Input data –
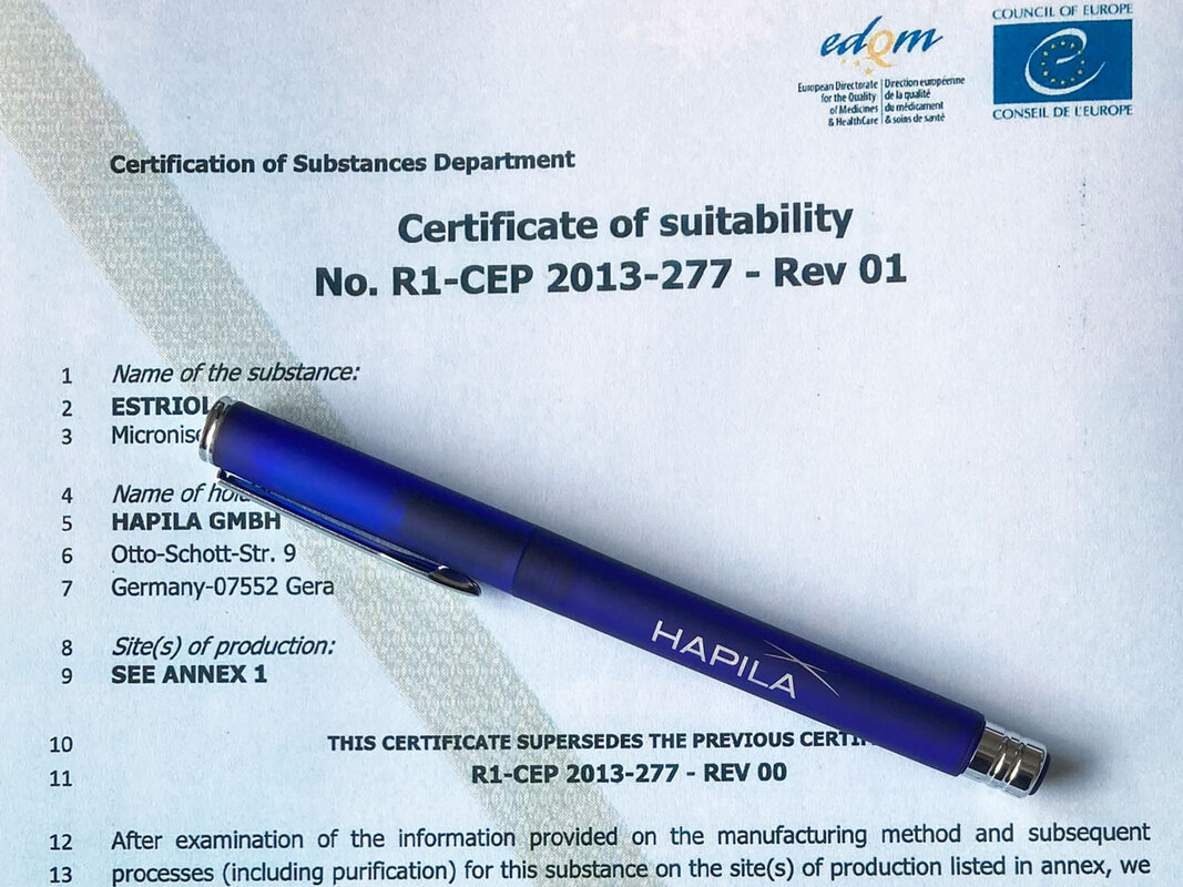Die DIN ISO Zertifizierung umfasst die Entwicklung, Herstellung und den Vertrieb von pharmazeutischen Wirkstoffen (nach GMP) und Referenzsubstanzen sowie Wirkstoffen für In-vitro-Diagnostika, Medizinprodukte und Klinikmuster. Die Überprüfung der Wirksamkeit und Angemessenheit der etablierten Verfahren und Systeme wird durch weitere jährliche Überwachungsaudits erfolgen.
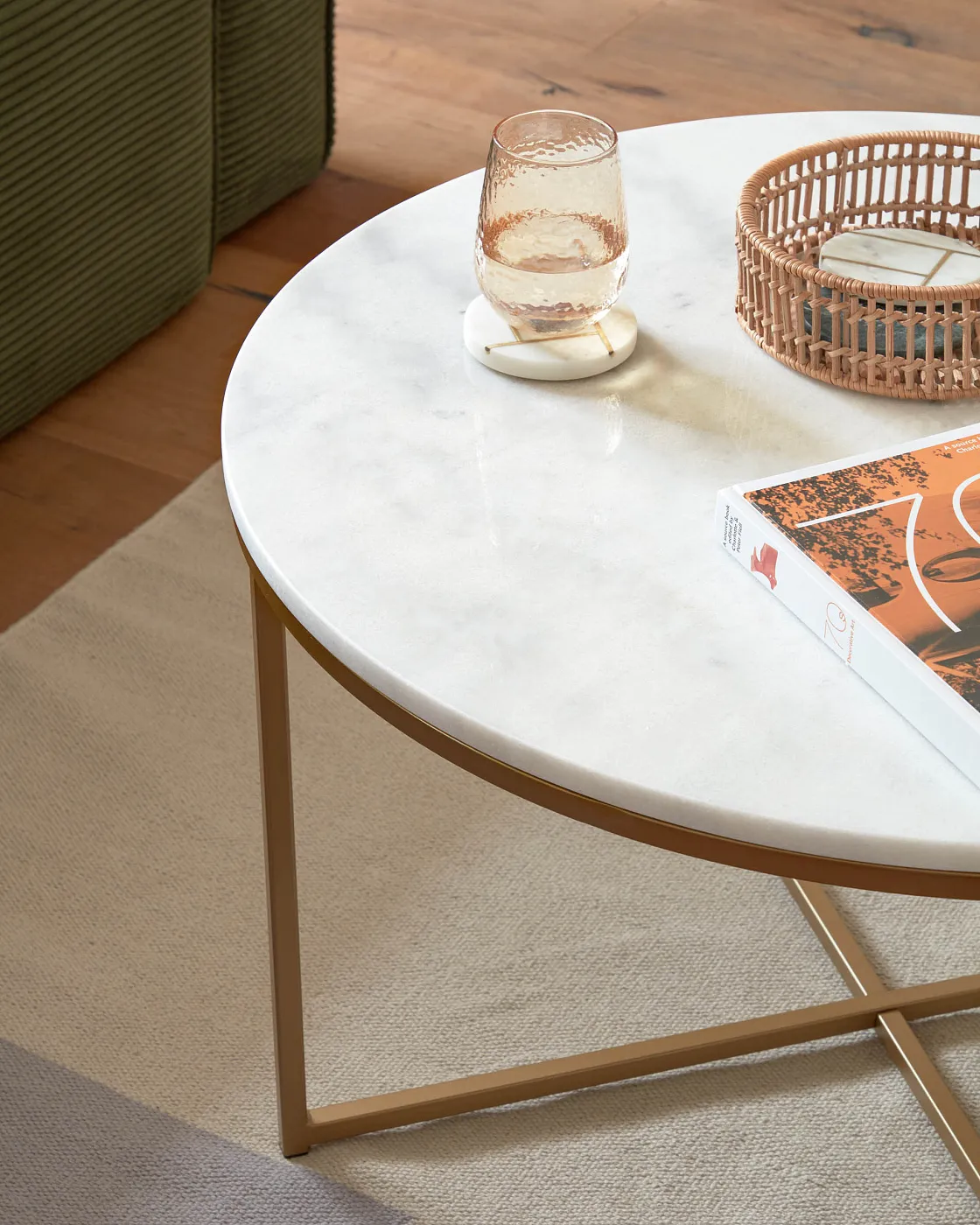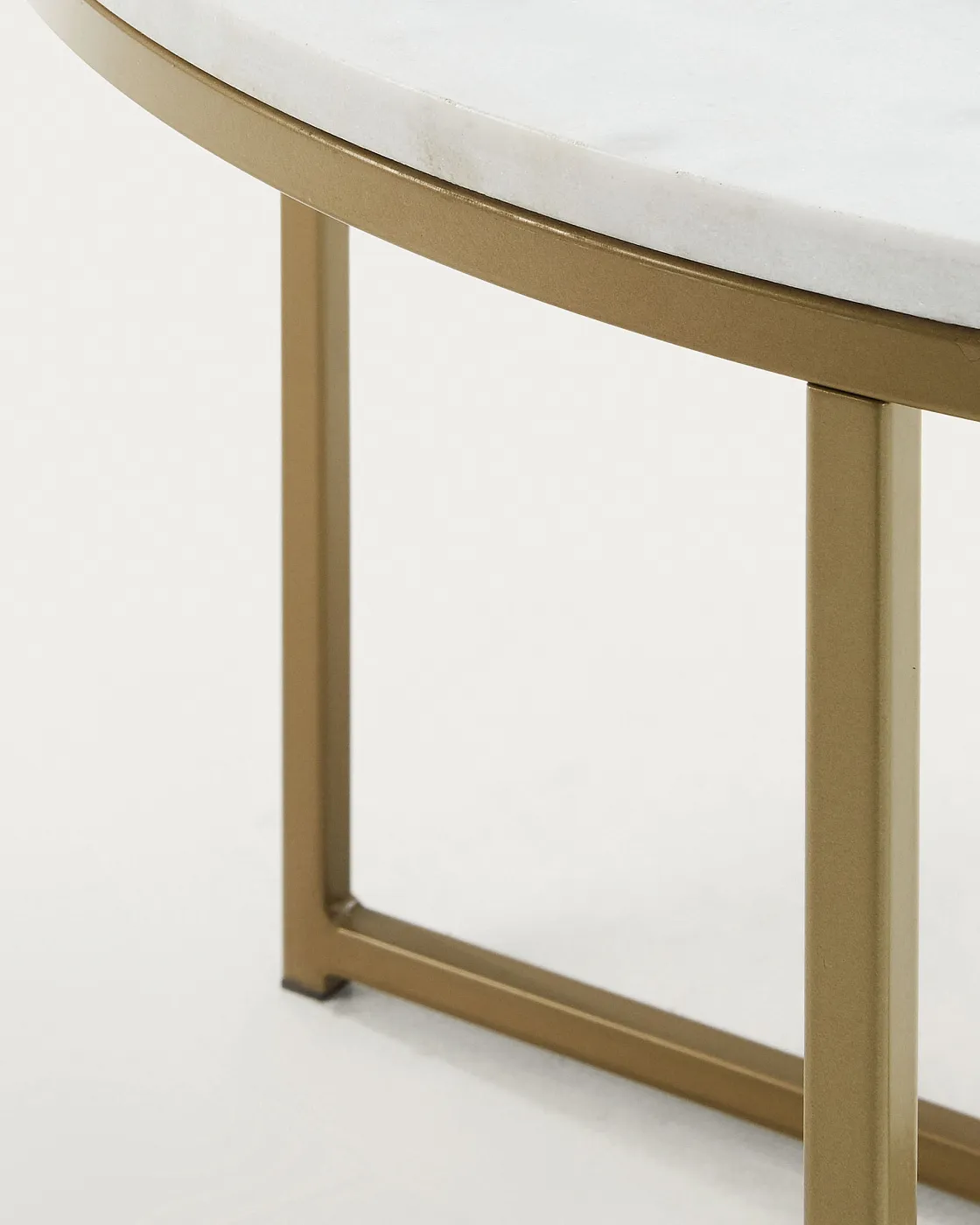 Журнальный столик Sheffield 80 см от фабрики La Forma – потрясающий мрамор и облегченная конструкция. Журнальный столик Sheffield моментально убеждает в своем превосходстве. Мраморная столешница – это не просто ценность модели, это еще и украшение для всего интерьера. Такой стол по праву сможет занять центральное место, стать самым роскошным предметом мебели в гостиной. Стол круглой формы. Столешница выполнена из натурального мрамора. Этот природный камень прочный и долговечный, обладает изумительным и уникальным природным орнаментом. Высота столешницы – 3,2 см. Опора состоит из двух рамочных стоек, которые приварены к обручу, удерживающему столешницу. Материал ее изготовления – сталь с латунным покрытием. На каждой ножке предусмотрены специальные накладки, которые защищают напольное покрытие от повреждений. Прочность металла обеспечивает стойкость изделия к нагрузкам (максимально 25 кг). Размеры: диаметр – 80 см, высота – 46 см. Вес – 25,5 кг. Потребуется самостоятельная сборка. Крепеж входит в комплектацию. В коллекции мебели La Forma есть приставной столик с аналогичным дизайном.
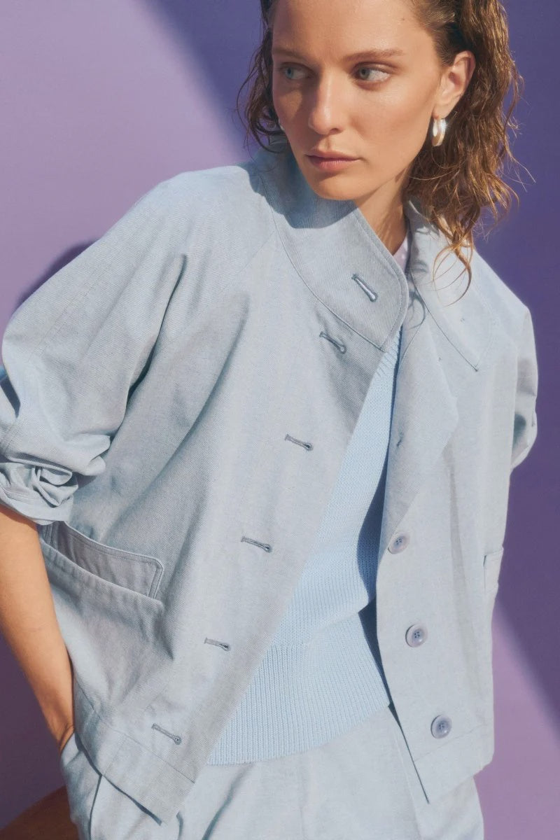 Size GuideThe Hanning Jacket is a lightweight, smart, casual jacket crafted from a woven, organic cotton, with a light chambray twill appearance and elevated structure. This regular fit jacket features a...

Problem description – Take the lines from the one containing "Журнальный столик Sheffield 80" through the last line of the listing and repeat them exactly. Omit the pictures.

Exercise result –
 Журнальный столик Sheffield 80 см от фабрики La Forma – потрясающий мрамор и облегченная конструкция. Журнальный столик Sheffield моментально убеждает в своем превосходстве. Мраморная столешница – это не просто ценность модели, это еще и украшение для всего интерьера. Такой стол по праву сможет занять центральное место, стать самым роскошным предметом мебели в гостиной. Стол круглой формы. Столешница выполнена из натурального мрамора. Этот природный камень прочный и долговечный, обладает изумительным и уникальным природным орнаментом. Высота столешницы – 3,2 см. Опора состоит из двух рамочных стоек, которые приварены к обручу, удерживающему столешницу. Материал ее изготовления – сталь с латунным покрытием. На каждой ножке предусмотрены специальные накладки, которые защищают напольное покрытие от повреждений. Прочность металла обеспечивает стойкость изделия к нагрузкам (максимально 25 кг). Размеры: диаметр – 80 см, высота – 46 см. Вес – 25,5 кг. Потребуется самостоятельная сборка. Крепеж входит в комплектацию. В коллекции мебели La Forma есть приставной столик с аналогичным дизайном.
 Size GuideThe Hanning Jacket is a lightweight, smart, casual jacket crafted from a woven, organic cotton, with a light chambray twill appearance and elevated structure. This regular fit jacket features a...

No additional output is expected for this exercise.